--- START ---
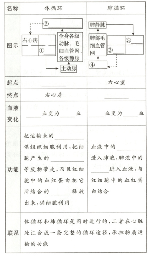 (1)①左心室 ②上腔、下腔静脉 ③右心室 ④肺动脉 ⑤左心房 左心室;左心房;动脉;静脉;静脉;动脉;营养物质;二氧化碳;氧;二氧化碳;氧
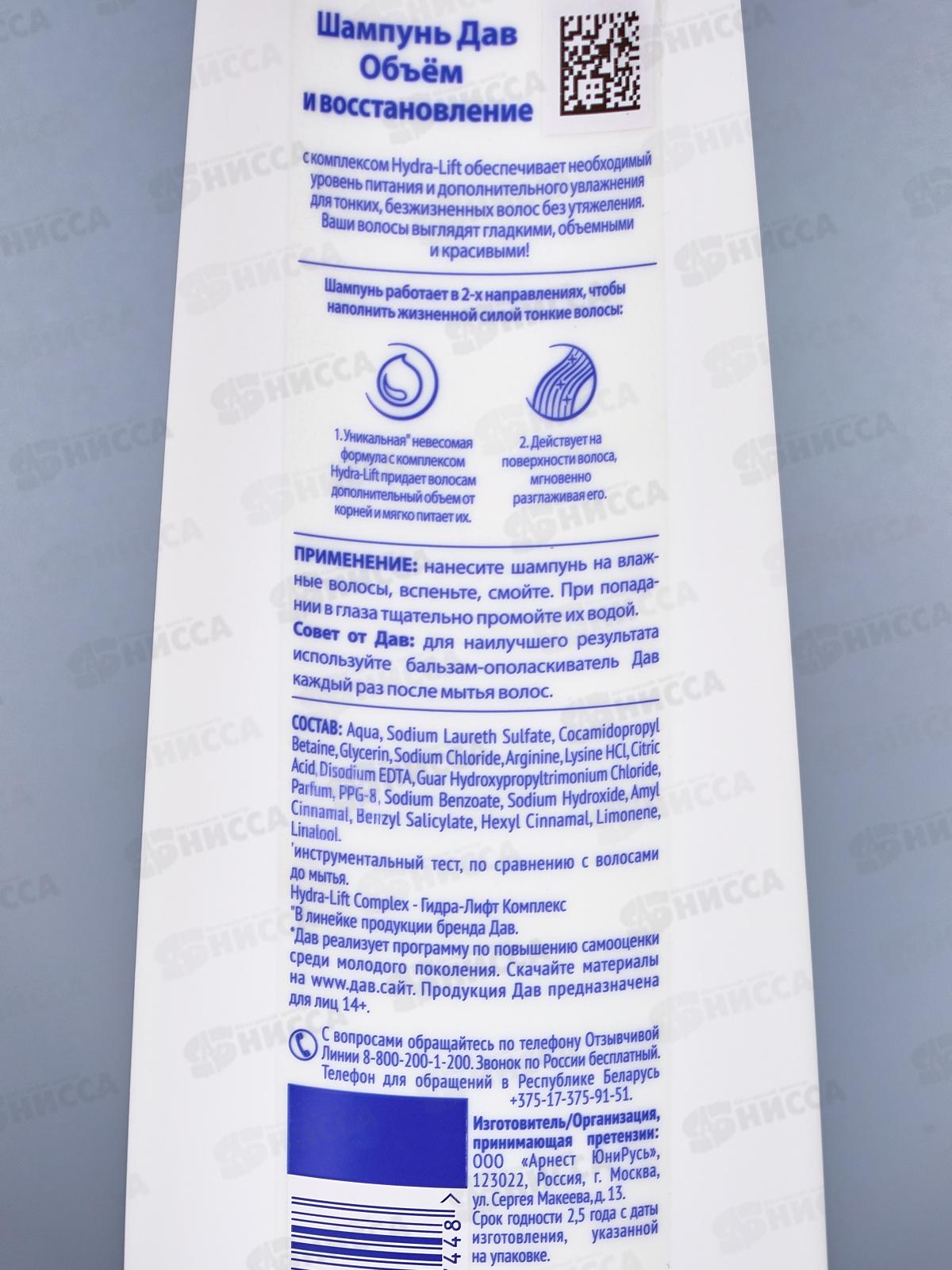 ДАВ шампунь 380мл RT Объем и Восстановление *10
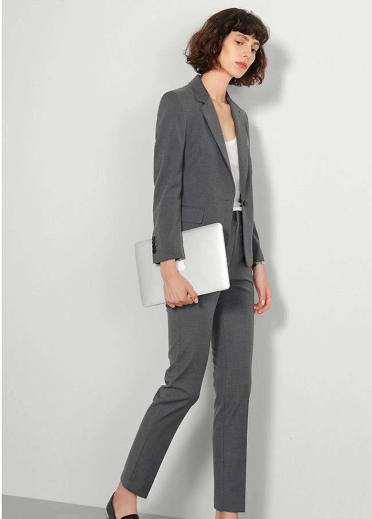 正确的做法如下,我们一般常见的女士正装多以黑色西装外套+黑色西装裤+白色衬衣为主,这是正式场合的标配。而且正装不宜过于宽松肥大,也不建议修身+贴身,得体合身就可以了。以下是几种常见的正装示范。
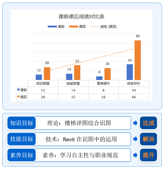 工程造價專業組則以“樓梯詳圖綜合識讀”作為教研實踐載體,經過“三維破壁的初探、問題診斷的磨課、虛實融教的精研、同課共生的延展”,借助BIM技術系統推進《建筑識圖》課程的教學改革,讓學生在識圖能力上實現跨越式提升。
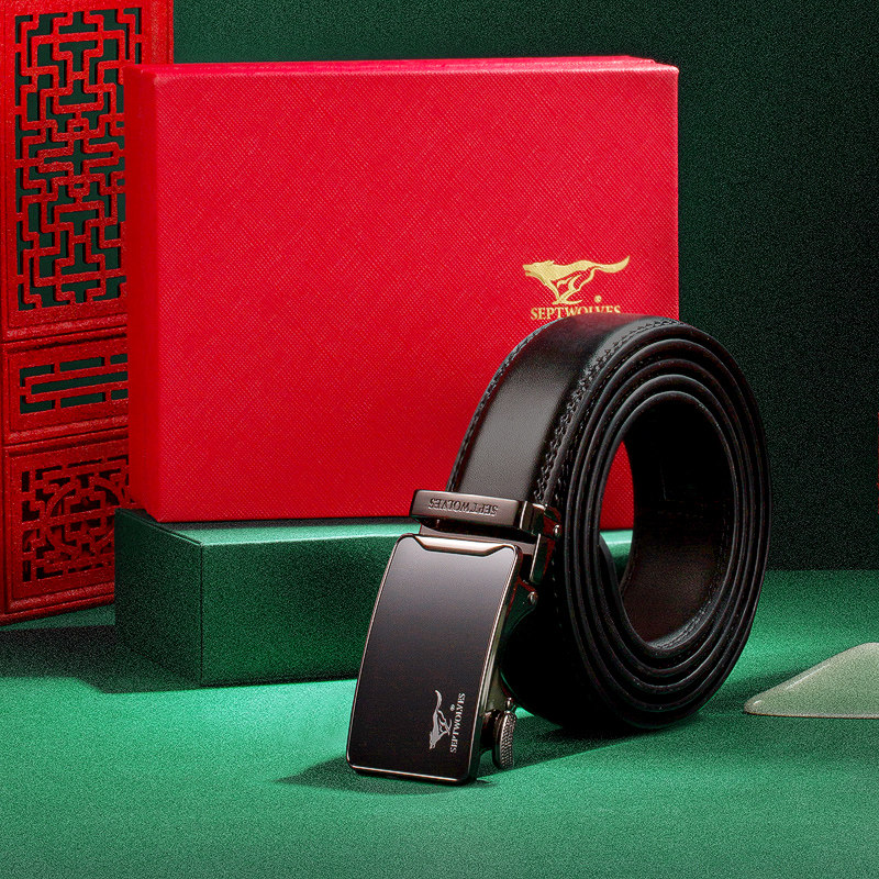 Septwolves, ремень, автоматическая пряжка для отдыха, подарочная коробка, штаны, мужской стиль, из натуральной кожи
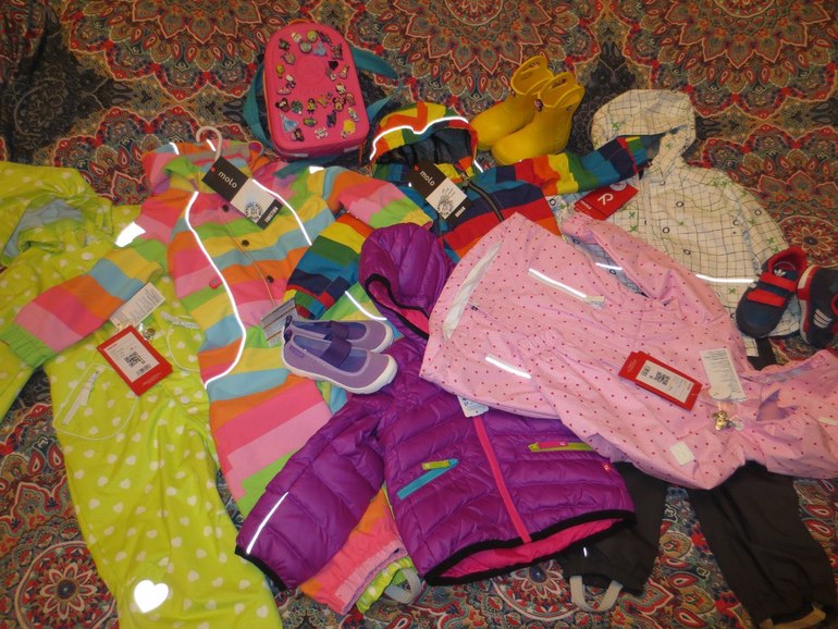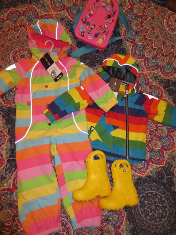 Набрала в "Кораблике" реймы на весну. Странно конечно ,что они весну перед сезоном распродают. Взяла 2 слитника ,плащик и курточку у которой отстегиваются рукава( заявлена как пуховик,но на мой взляд уж очень тоненький). Скорее всего будем носить как жилетку. Molo тоже на весну докупила, расцветки как в прошлом году:) ну очень уж люблю я радугу,а прошлогодние впритык
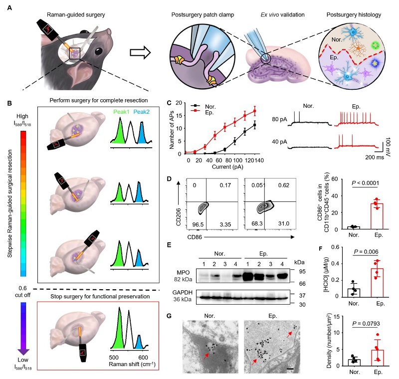 图 5. UltraHOCls可视化促炎小胶质细胞引导癫痫手术。 (A) UltraHOCls引导癫痫手术策略示意图。(B) 左侧:UltraHOCls引导致痫灶切除实验示意图;右侧:手术过程中收集的代表性拉曼光谱。(C) 来自癫痫模型小鼠切除切片神经元的膜片钳记录。左图:由0-pA至140-pA范围内的电流注射诱导的动作电位(APs)数量。右图:通过注入40-pA和80-pA电流诱导的代表性细胞放电。(D) 代表性流式细胞术结果及KA诱导的癫痫模型小鼠切除的癫痫组织与正常组织中促炎性小胶质细胞(CD86+CD11b+CD45mid+)的定量分析。(E) 癫痫模型小鼠切除的癫痫组织与正常组织中MPO表达的Western blot分析。(F) 癫痫和正常脑匀浆中的HOCl浓度。(G) 代表性TEM图像及癫痫模型小鼠切除的癫痫组织与正常组织中UltraHOCls的定量分析。比例尺为200 nm。红色箭头指示大脑中的金纳米粒子。
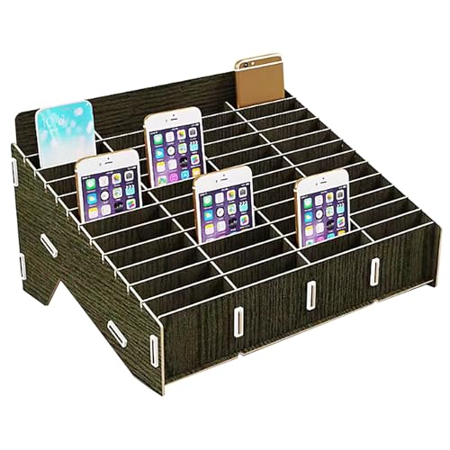 QSNYJPL 48-Grid Wooden Cell Phone Storage Box, Desktop Mobile Cell Phone Storage for Teachers School Office, Cell Phone Box for Classroom, Grid Multi Cell Phone Rack Display(Black)
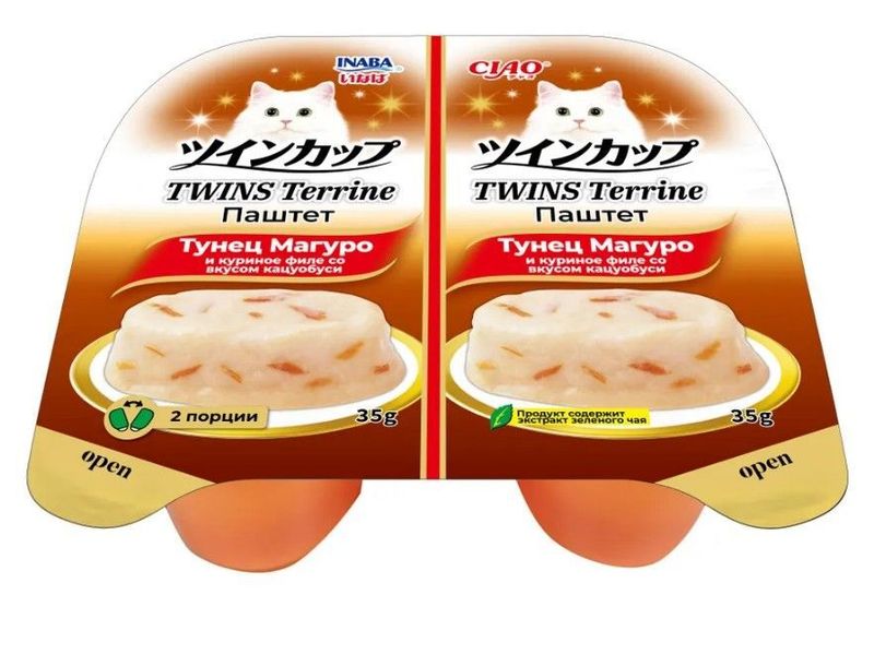 Суперпремиальный паштет для кошек CIAO TWINS Terrine (ЧАО ТВИНС ТЕРРИН) от японского производителя Inaba приготовлен на основе мяса глубоководного тунца Магуро и нежных кусочков филе фермерской курицы с добавлением кацуобуси. Корма и лакомства Inaba отличаются высоким качеством и неповторимым вкусом, ведь они изготавливаются на основе отборных традиционных японских ингредиентов! Во все продукты добавлен экстракт зеленого чая, который, благодаря содержанию катехина, нейтрализует неприятные запахи содержимого кишечника. Состав обогащён витамином Е - натуральным антиоксидантом, поддерживающим иммунную систему, не содержит искусственных добавок, красителей и консервантов.
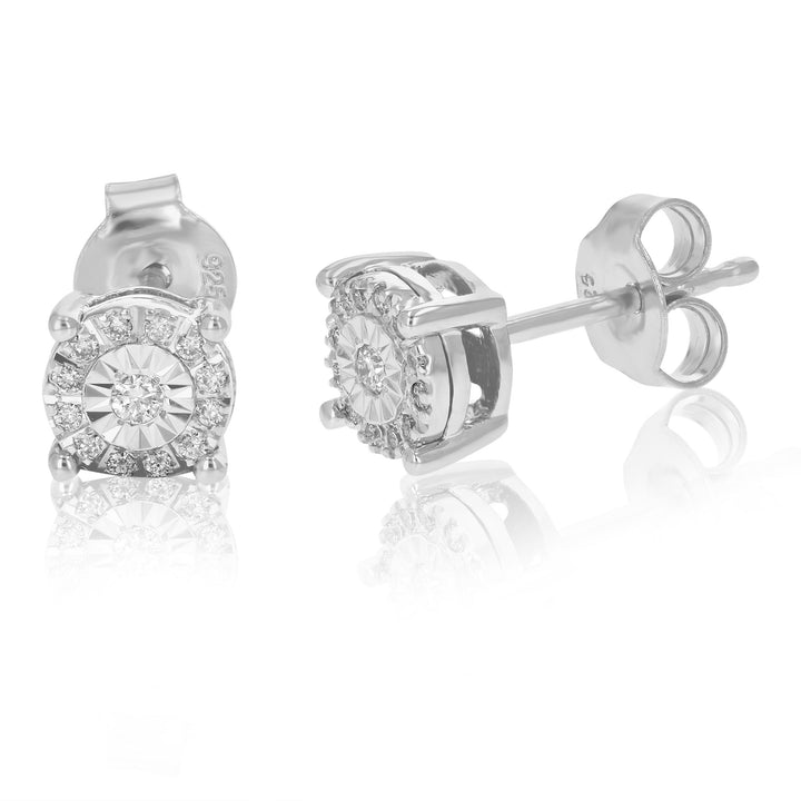 Crafted in .925 sterling silver with 26 round-cut lab-grown diamonds totaling 1/8 cttw. Prong-set for enhanced sparkle. Diamond color: H-I; clarity: SI1-SI2. Stud width: 6mm (1/4 inch), height: 6mm (1/4 inch). April birthstone.
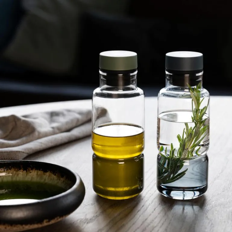- Oljeflaske og dressingshaker
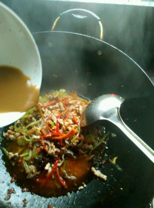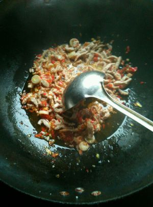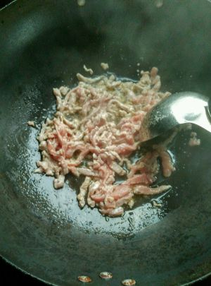 起锅倒油,把肉丝炒八成熟,记住不要炒太久肉会老哦!炒完承出,放置一旁备用
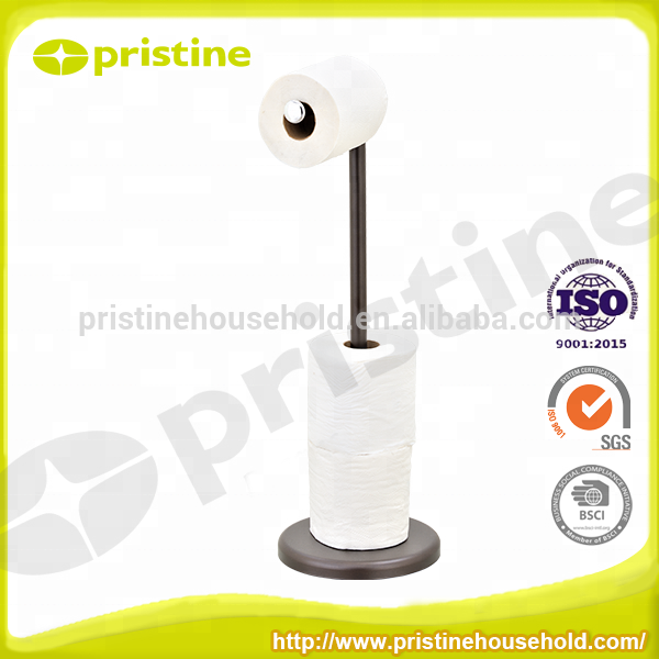 Pristine Modern Metal Round Toilet Paper Holder Stand Free Standing No Drilling Required Household Use
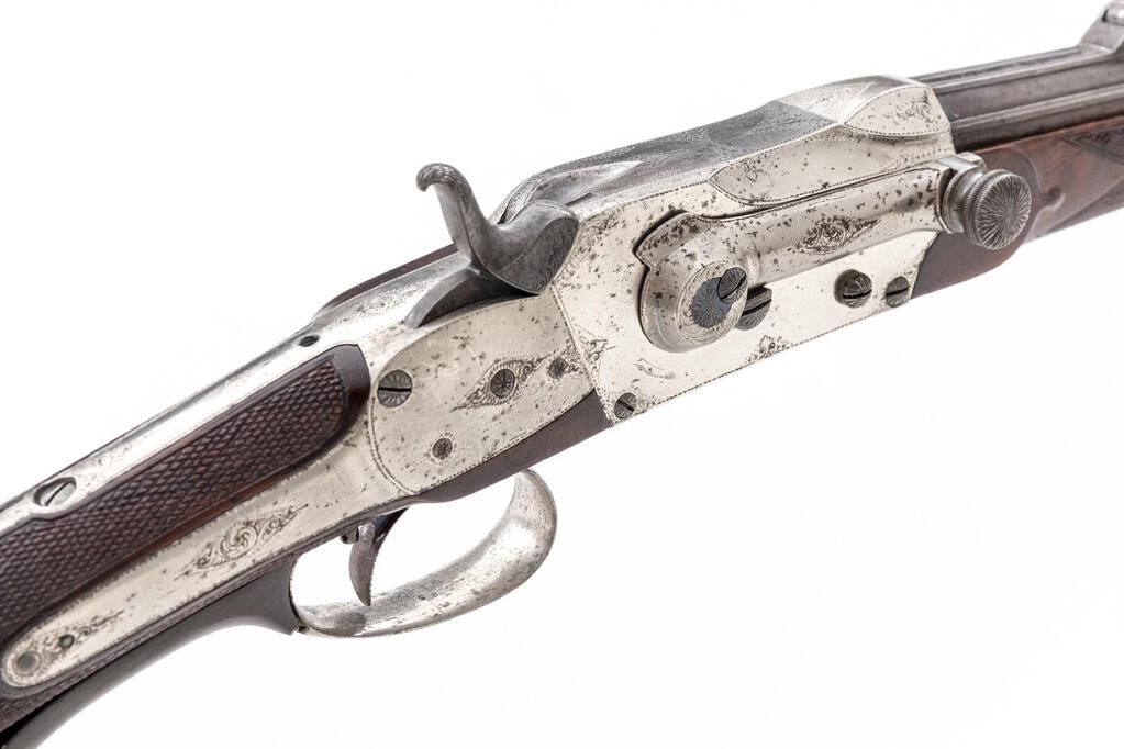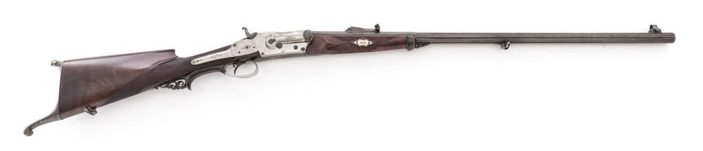 Antique Single-Shot Martini Type Schuetzen Target Rifle, by Olsen-Maseng of Askim, Norway, NVSN, 8mm CF cal., 29'' deeply-fluted octagonal barrel has hooded Beach front and elevation adjustable sliding-leaf rear sights, silver-inlaid "Olsen-Maseng, Askim" at breech; nickel-plated and engraved receiver has 180-degree lever at right that drops open the case hardened breechblock, right-offset hammer, adjustable single set trigger. Top tang threaded for sight (not present). Finely carved and checkered walnut buttstock and forend have scroll-carved horn trigger guard and Schnabel cap, steel Swiss buttplate having removable ball-tip rod. Condition is fine retaining approx. 80% thinning and toning blue to barrel, 92% original toning and lightly flaking nickel to receiver and trigger guard. Stock is sound and smooth showing sharp checkering and carving, lovely grain, color and satin finish. Action is crisp, bright bore shows light frosting and sharp rifling. An unusual and rare Norwegian-made Schuetzen rifle. Est.: $1,800-$2,400. (Antique)
--- END ---
**AIM OF THE TASK**. Stop after the line containing "Septwolves, ремень, автоматическая": copy the records exactly from the first line up to there, leaving pictures out.

**EXERCISE ANSWER**.
 (1)①左心室 ②上腔、下腔静脉 ③右心室 ④肺动脉 ⑤左心房 左心室;左心房;动脉;静脉;静脉;动脉;营养物质;二氧化碳;氧;二氧化碳;氧
 ДАВ шампунь 380мл RT Объем и Восстановление *10
 正确的做法如下,我们一般常见的女士正装多以黑色西装外套+黑色西装裤+白色衬衣为主,这是正式场合的标配。而且正装不宜过于宽松肥大,也不建议修身+贴身,得体合身就可以了。以下是几种常见的正装示范。
 工程造價專業組則以“樓梯詳圖綜合識讀”作為教研實踐載體,經過“三維破壁的初探、問題診斷的磨課、虛實融教的精研、同課共生的延展”,借助BIM技術系統推進《建筑識圖》課程的教學改革,讓學生在識圖能力上實現跨越式提升。
 Septwolves, ремень, автоматическая пряжка для отдыха, подарочная коробка, штаны, мужской стиль, из натуральной кожи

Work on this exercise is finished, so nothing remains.